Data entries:
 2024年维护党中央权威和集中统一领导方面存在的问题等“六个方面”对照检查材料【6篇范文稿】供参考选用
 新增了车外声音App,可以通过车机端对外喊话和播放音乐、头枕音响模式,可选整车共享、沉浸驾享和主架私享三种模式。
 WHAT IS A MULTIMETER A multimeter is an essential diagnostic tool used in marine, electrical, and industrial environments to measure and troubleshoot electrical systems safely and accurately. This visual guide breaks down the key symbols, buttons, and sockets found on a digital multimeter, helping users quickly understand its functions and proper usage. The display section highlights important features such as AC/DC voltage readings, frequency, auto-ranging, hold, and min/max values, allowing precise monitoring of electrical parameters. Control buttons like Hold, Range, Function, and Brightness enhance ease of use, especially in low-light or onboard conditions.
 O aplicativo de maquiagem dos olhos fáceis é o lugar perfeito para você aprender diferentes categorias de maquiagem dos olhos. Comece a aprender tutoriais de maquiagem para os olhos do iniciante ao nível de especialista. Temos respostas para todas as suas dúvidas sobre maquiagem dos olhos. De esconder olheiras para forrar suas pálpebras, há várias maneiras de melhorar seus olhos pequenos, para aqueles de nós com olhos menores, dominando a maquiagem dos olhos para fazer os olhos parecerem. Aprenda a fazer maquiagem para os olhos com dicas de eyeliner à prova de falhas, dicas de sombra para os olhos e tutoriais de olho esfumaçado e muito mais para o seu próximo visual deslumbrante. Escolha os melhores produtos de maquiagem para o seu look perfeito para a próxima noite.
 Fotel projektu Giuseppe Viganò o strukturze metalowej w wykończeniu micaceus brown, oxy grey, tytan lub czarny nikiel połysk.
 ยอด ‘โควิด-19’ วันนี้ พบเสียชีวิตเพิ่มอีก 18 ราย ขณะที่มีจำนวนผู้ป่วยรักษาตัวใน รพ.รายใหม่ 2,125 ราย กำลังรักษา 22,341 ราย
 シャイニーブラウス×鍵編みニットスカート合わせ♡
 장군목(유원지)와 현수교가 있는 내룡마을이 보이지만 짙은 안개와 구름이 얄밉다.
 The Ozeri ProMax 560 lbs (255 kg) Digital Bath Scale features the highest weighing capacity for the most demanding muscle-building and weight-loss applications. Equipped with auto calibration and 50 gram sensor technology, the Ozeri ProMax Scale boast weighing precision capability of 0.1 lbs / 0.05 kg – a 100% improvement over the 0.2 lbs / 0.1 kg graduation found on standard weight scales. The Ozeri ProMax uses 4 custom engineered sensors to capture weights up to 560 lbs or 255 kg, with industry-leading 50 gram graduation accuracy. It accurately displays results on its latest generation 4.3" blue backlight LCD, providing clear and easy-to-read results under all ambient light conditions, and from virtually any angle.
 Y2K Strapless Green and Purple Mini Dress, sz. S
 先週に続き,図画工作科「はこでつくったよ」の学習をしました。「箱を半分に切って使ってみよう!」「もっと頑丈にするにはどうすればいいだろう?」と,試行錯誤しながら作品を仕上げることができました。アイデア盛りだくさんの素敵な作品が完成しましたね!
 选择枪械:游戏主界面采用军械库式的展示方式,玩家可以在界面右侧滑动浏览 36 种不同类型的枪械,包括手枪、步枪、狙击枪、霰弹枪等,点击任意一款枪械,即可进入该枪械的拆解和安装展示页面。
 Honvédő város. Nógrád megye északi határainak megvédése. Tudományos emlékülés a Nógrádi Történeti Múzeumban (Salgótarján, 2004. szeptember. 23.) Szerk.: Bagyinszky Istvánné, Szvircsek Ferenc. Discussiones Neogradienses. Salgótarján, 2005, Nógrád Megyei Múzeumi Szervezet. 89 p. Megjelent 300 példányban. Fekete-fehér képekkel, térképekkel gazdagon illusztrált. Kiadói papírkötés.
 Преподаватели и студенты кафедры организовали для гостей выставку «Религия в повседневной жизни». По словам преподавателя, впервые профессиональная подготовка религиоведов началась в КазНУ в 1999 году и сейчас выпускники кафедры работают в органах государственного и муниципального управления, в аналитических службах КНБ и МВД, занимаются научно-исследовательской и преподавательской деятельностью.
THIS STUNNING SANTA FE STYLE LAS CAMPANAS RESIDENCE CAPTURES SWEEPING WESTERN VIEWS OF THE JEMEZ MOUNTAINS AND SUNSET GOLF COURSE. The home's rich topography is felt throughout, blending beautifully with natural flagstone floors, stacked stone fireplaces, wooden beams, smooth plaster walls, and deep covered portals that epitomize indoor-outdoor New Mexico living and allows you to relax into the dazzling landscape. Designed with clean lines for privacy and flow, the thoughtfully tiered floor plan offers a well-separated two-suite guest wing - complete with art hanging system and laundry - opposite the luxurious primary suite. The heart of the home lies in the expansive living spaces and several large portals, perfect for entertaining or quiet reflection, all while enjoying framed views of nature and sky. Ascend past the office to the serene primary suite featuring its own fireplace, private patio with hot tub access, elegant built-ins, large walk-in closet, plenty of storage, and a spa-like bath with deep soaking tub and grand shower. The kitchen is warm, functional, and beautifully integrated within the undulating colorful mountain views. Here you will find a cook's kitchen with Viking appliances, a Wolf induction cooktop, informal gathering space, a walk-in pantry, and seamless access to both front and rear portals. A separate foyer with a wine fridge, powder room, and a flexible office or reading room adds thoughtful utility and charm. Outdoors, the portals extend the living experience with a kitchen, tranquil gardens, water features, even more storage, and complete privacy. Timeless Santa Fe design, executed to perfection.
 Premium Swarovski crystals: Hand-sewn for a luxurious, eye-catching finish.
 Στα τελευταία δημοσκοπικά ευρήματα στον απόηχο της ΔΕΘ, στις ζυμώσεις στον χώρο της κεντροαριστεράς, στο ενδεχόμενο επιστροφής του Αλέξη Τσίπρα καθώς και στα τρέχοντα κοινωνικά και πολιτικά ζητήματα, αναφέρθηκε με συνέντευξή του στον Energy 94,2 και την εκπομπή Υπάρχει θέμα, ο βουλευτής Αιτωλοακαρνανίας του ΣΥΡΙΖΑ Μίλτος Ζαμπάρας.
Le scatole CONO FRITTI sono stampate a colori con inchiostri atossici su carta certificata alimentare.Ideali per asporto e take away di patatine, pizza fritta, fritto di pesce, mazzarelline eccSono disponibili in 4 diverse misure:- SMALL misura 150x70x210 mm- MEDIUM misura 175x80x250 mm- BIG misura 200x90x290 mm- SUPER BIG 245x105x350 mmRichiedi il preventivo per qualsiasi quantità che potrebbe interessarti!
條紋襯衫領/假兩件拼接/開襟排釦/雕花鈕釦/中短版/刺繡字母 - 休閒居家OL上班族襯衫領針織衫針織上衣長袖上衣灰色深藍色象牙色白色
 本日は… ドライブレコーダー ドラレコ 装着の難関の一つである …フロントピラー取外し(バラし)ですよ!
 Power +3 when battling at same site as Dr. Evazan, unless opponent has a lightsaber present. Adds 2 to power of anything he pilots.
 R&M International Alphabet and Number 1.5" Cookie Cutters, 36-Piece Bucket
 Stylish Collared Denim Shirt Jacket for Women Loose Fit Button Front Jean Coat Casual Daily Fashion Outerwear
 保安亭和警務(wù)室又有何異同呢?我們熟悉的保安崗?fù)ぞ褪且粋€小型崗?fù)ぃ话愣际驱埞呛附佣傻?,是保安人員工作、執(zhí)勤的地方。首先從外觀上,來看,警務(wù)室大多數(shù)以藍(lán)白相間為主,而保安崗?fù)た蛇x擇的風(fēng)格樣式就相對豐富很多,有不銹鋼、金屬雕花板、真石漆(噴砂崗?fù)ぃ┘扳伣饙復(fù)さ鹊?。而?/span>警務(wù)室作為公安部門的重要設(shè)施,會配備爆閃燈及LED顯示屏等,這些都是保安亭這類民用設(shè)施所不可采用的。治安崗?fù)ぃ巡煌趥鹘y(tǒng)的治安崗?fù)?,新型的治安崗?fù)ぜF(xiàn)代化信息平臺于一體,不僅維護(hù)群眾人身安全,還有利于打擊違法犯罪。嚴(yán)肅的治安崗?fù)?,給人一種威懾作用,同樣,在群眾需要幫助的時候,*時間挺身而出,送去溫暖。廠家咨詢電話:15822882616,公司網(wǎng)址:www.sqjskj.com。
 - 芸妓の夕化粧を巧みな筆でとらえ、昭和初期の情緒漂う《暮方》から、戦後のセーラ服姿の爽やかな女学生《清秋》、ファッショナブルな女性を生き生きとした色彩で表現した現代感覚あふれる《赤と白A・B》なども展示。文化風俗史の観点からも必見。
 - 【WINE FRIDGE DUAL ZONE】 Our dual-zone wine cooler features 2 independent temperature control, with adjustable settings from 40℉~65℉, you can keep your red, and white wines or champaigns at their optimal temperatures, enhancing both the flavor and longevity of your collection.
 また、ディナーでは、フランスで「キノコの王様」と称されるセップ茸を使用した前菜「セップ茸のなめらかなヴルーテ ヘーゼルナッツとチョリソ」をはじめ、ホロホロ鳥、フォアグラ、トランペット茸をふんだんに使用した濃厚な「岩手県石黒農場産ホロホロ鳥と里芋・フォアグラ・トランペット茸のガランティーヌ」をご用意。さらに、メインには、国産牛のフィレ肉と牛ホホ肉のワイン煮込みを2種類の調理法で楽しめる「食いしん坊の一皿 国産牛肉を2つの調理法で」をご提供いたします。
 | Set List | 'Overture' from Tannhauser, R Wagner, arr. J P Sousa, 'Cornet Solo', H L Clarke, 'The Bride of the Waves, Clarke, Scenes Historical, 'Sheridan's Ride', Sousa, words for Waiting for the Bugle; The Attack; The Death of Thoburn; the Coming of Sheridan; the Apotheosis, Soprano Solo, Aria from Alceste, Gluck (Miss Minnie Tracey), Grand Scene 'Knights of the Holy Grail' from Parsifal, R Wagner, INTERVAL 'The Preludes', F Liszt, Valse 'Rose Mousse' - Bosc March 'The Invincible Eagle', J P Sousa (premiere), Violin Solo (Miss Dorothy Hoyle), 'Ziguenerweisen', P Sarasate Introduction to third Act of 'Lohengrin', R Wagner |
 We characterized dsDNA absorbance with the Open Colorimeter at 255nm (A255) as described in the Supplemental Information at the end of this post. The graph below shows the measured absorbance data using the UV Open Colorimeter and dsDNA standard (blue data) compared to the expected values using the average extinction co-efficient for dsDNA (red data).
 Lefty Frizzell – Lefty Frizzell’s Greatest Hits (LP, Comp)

Task instructions: Count the lines above that contain the word "standard", and give only that number.

Answer to this exercise: 2